**TASK DESCRIPTION**
Using the data below, output a verbatim copy of the lines between the one holding "and type (LTB/UTB)." and the one holding "Échantillon Vinyle Carrelage", inclusive, without any pictures.

**WORKING DATA**
====================
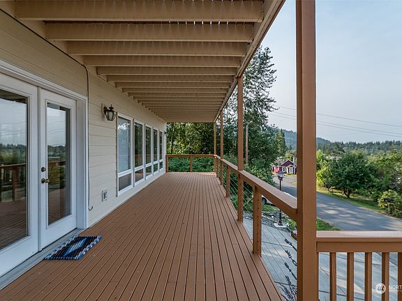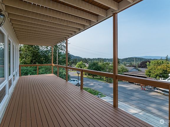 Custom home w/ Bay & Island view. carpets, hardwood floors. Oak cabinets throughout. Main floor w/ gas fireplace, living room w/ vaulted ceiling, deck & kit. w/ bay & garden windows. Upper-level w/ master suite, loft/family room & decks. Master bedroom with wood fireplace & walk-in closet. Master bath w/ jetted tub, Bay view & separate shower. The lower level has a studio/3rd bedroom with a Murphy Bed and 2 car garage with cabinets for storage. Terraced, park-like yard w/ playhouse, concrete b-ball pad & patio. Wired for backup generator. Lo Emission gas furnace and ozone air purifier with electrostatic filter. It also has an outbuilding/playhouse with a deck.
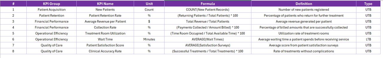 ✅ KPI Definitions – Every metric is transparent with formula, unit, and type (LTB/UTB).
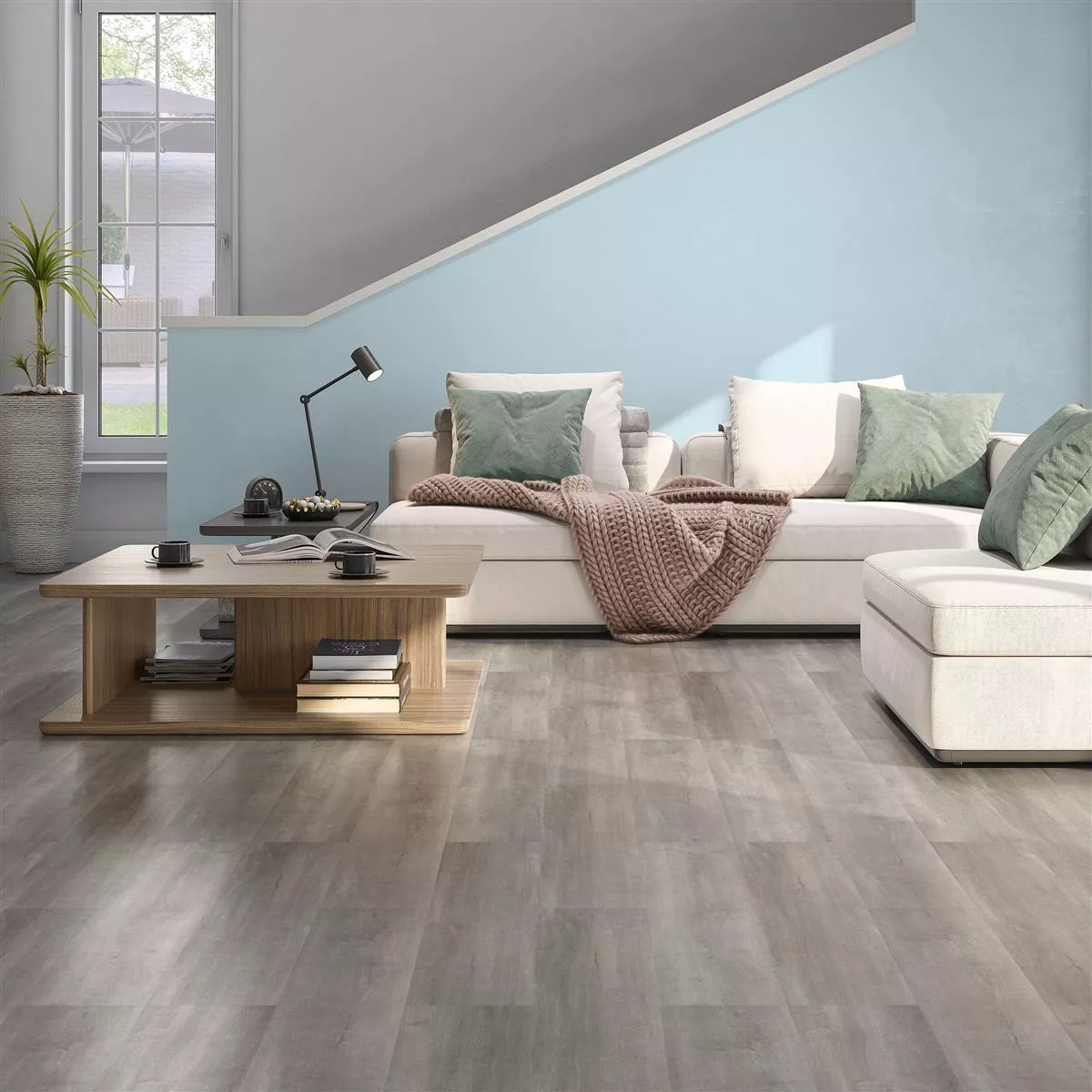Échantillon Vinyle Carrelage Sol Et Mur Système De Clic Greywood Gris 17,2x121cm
====================
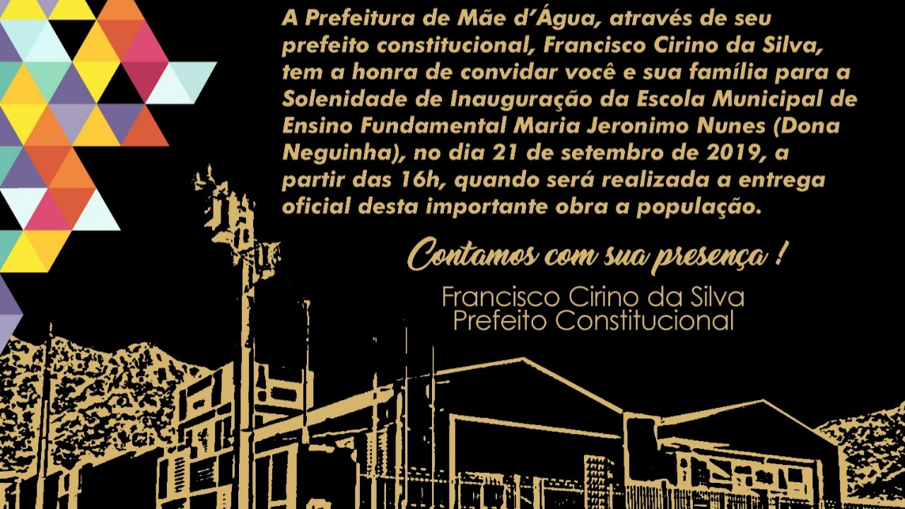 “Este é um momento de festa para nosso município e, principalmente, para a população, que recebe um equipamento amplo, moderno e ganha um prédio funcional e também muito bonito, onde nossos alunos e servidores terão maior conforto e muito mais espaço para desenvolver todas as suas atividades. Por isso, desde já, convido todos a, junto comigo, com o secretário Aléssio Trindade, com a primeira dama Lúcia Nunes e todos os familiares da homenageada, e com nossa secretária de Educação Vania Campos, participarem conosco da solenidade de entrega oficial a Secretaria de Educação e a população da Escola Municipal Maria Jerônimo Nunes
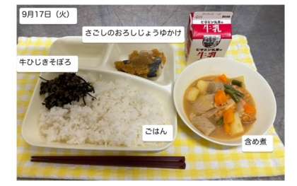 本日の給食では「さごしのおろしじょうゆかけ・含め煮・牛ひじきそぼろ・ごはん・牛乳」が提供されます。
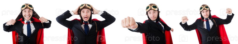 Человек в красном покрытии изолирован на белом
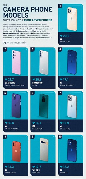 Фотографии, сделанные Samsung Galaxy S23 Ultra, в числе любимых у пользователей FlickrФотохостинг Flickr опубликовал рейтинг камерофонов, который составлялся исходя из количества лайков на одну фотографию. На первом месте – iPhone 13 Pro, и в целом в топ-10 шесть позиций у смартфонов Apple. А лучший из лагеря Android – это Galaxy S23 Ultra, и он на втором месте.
====================
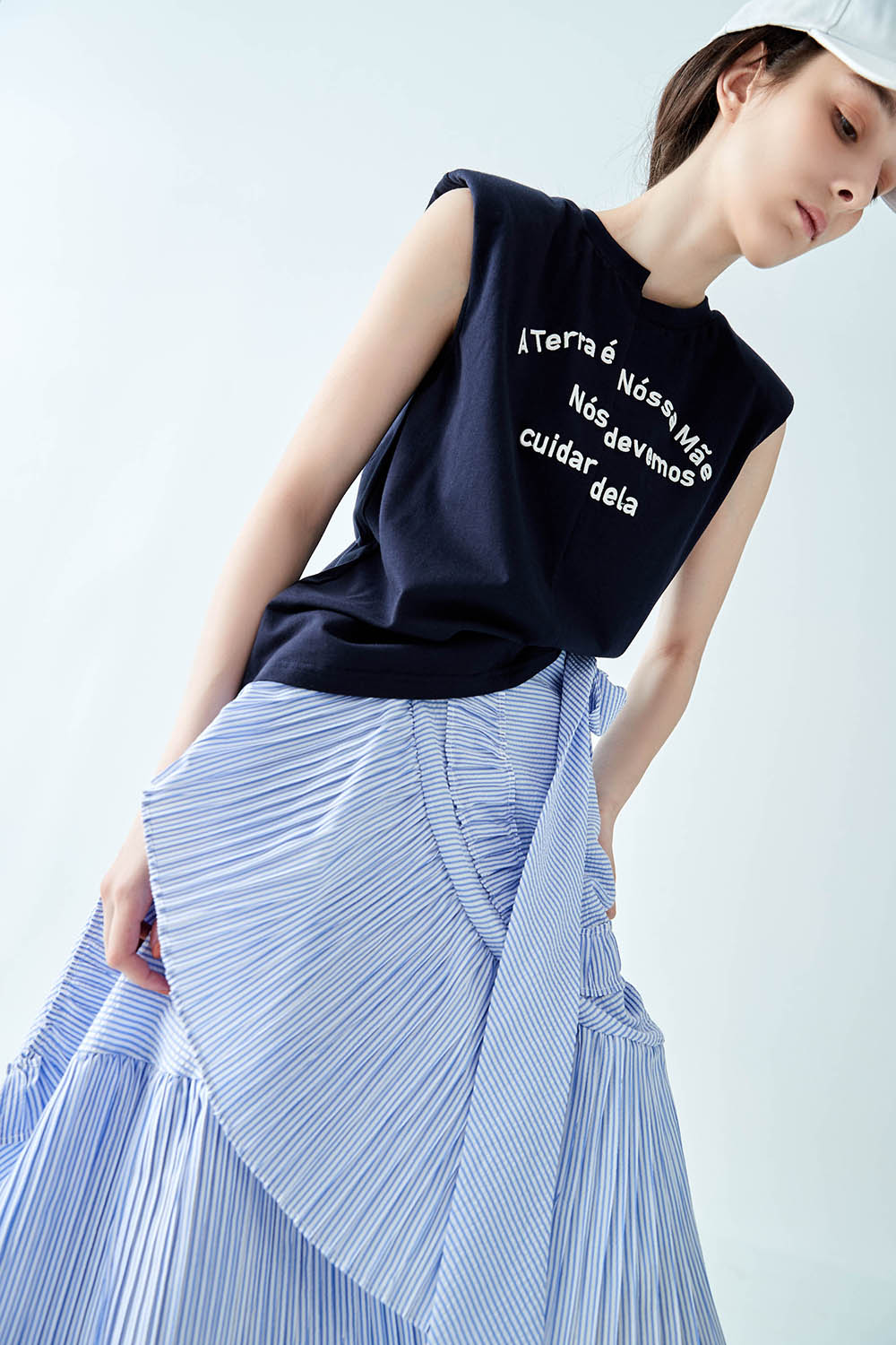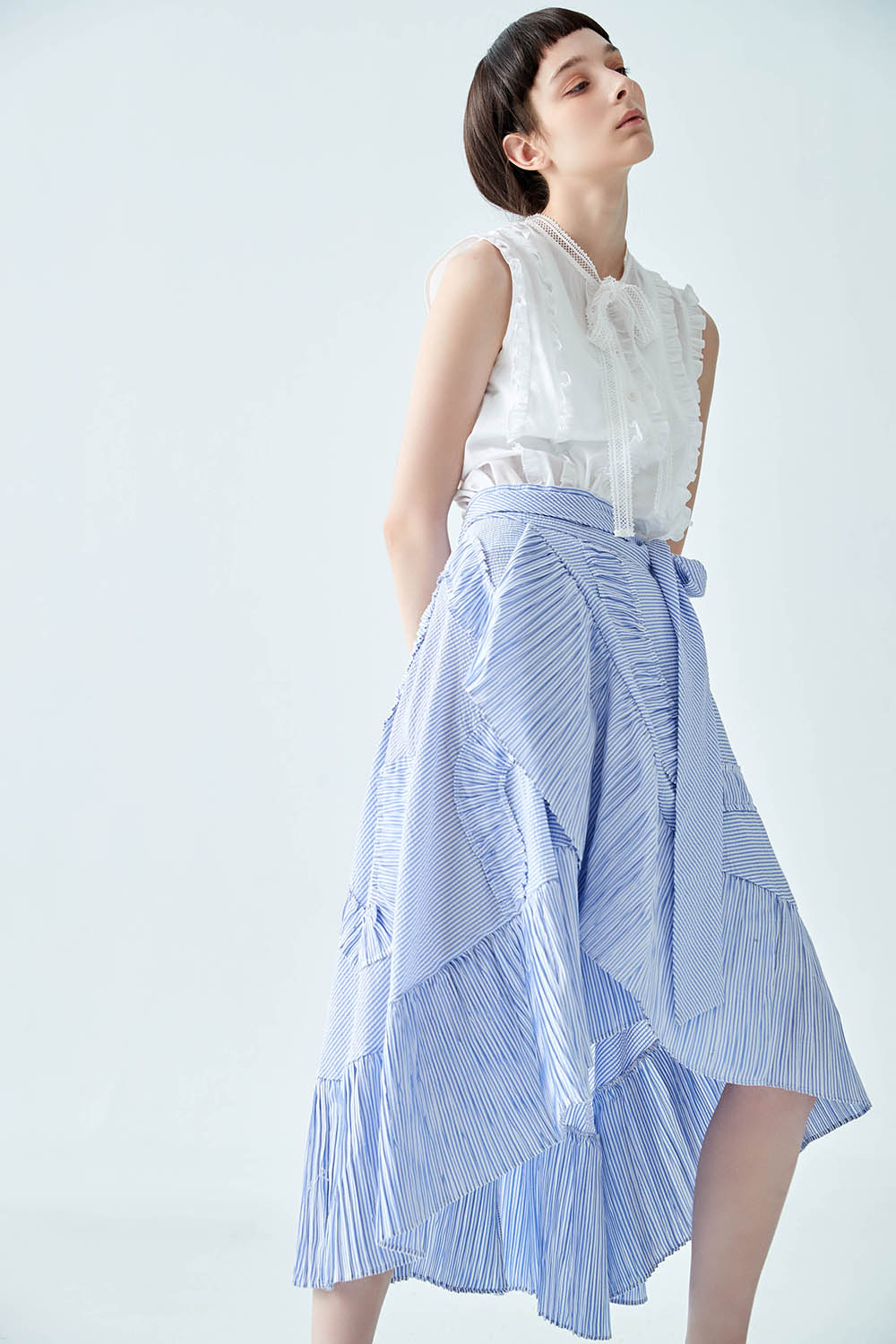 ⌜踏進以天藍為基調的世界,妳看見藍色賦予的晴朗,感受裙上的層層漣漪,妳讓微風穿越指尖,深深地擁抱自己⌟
====================
**ANSWER BOX**
 ✅ KPI Definitions – Every metric is transparent with formula, unit, and type (LTB/UTB).
Échantillon Vinyle Carrelage Sol Et Mur Système De Clic Greywood Gris 17,2x121cm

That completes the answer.